Dry Marks of Memory
Villeneuve
Tandis que nos amis prescripteurs de chez Pitchfork n'ont qu'à apposer un petit label "Best New Music" ou une note supérieure à 8.5 pour que décolle la carrière internationale d'un groupe jusque là habitué à l'anonymat, des publications comme Goûte Mes Disques, ne disposant pas du même poids critique, se doivent d'enfoncer le clou par tous les moyens possibles pour convaincre leurs lecteurs du bien fondé de certaines affirmations.
Ainsi, vous dire que la scène "alternative" française se porte à merveille et coller un joli 8/10 au dernier disque de Villeneuve ne risque pas d'affoler les ventes d'albums de ce jeune et talentueux Parisien. Pourtant, tout le mal que l'on peut souhaiter à ce Dry Marks of Memory, c'est qu'il s'écoule par camions entiers et participe à l'éclosion hors des frontières hexagonales d'une ribambelle d'artistes qui le méritent amplement – on pense par exemple à des groupes comme Exsonvaldes ou Baden Baden.

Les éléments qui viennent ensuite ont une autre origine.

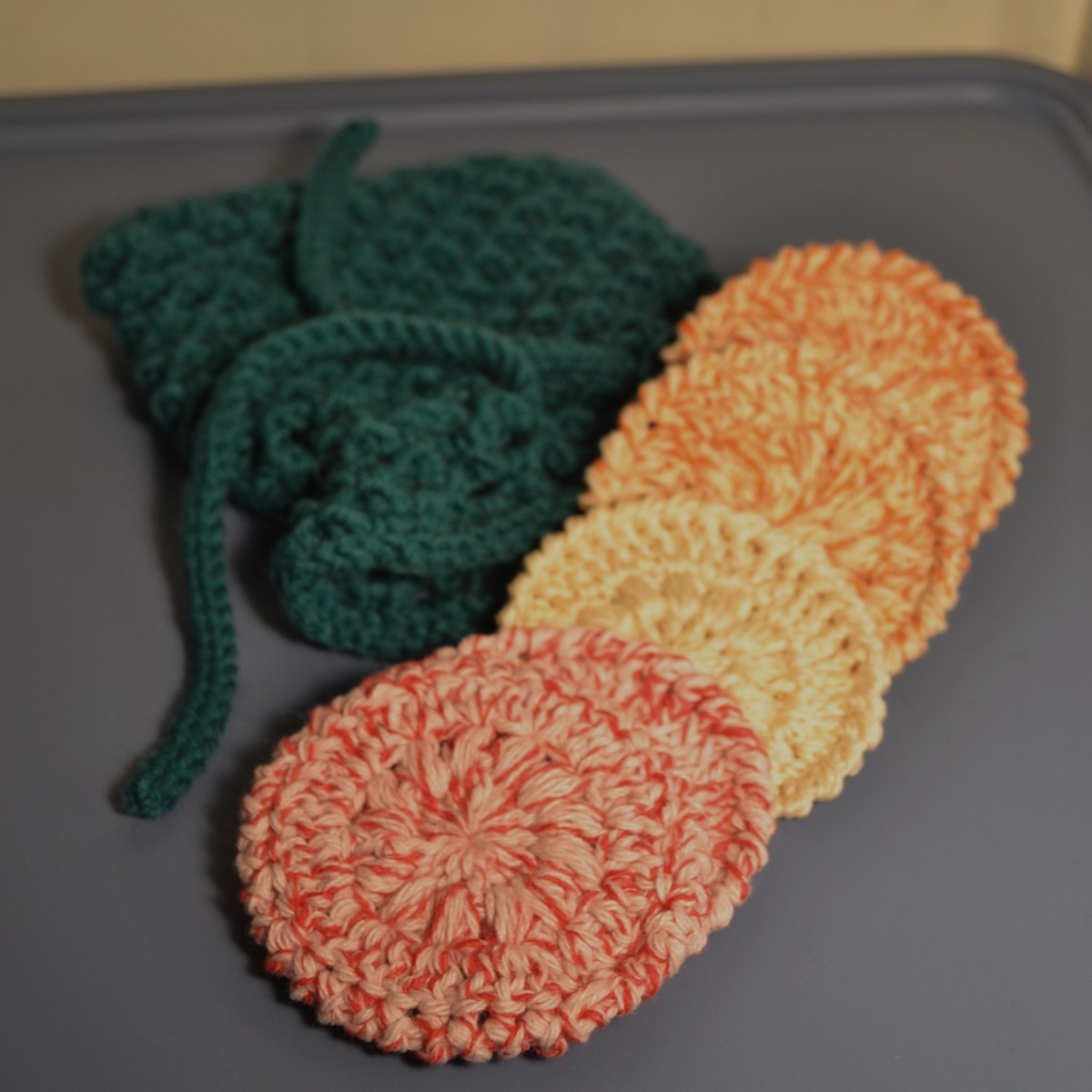 šis tamborēto kokvilnas plāksnīšu komplekts (5 gab.) atgādina jūras gliemežvāciņus – rozā, oranži un bēši. sajūtu papildina tirkīzais uzglabāšanas maisiņš, kura zvīņu raksts līdzinās nāriņas astei..

A première vue, il faut bien reconnaître que ce nouvel album de Villeneuve ne part pas avec les faveurs des bookmakers. Il s'agit déjà pour notre homme d'un second effort, après un First Date en 2005 qui n'a pas vraiment bouleversé les foules, tandis la bio du bonhomme nous parle de collaborations avec Christophe Willem ou Anaïs – même si elle mentionne quelques mots plus loin des accointances, plus recommandables celles-là, avec M83 ou Agoria. Et puis, pour couronner le tout, Villeneuve invite sur un titre de l'album le propret Ozark Henry, dont la pop scolaire ne séduit plus depuis belle lurette.
Et pourtant, malgré un passif certain, le dénommé Benoît de Villeneuve balaie en dix plages d'une fascinante richesse tous les préjugés cités plus haut. Homme de goût et d'ouverture, Benoît de Villeneuve a beaucoup de chance: il a trouvé sur Dry Marks of Memory la formule magique qui lui permet de jongler avec une insolente facilité avec les genres sans laisser chez l'auditeur ce sentiment désagréable de patchwork indigeste. En brouillant les pistes de la sorte, ce compositeur/chanteur/arrangeur/ producteur peut ainsi s'effacer derrière de bien beaux modèles (Explosions in the Sky, Brian Eno, Wilco, Air, Yo La Tengo) pour laisser son imaginatif prendre la poudre d'escampette et s'épanouir dans un cadre qui n'a rien de formaté.
Entre envolées post-rock d'une beauté fracassante, divagations instrumentales prégnantes, volutes électroniques aérées et pop cinématographique racée rehaussée de voix (notamment féminines) qui ont le bon goût de ne pas en faire des caisses, Dry Marks of Memory évite avec une aisance remarquable le piège de l'hommage aseptisé pour accoucher d'un album conçu pour s'inscrire dans la durée et faire comprendre à qui veut bien l'entendre que Benoît de Villeneuve a les épaules suffisamment larges pour porter avec fierté ce deuxième album au-delà des frontières. Best New Music? Tu l'as dit, bouffi!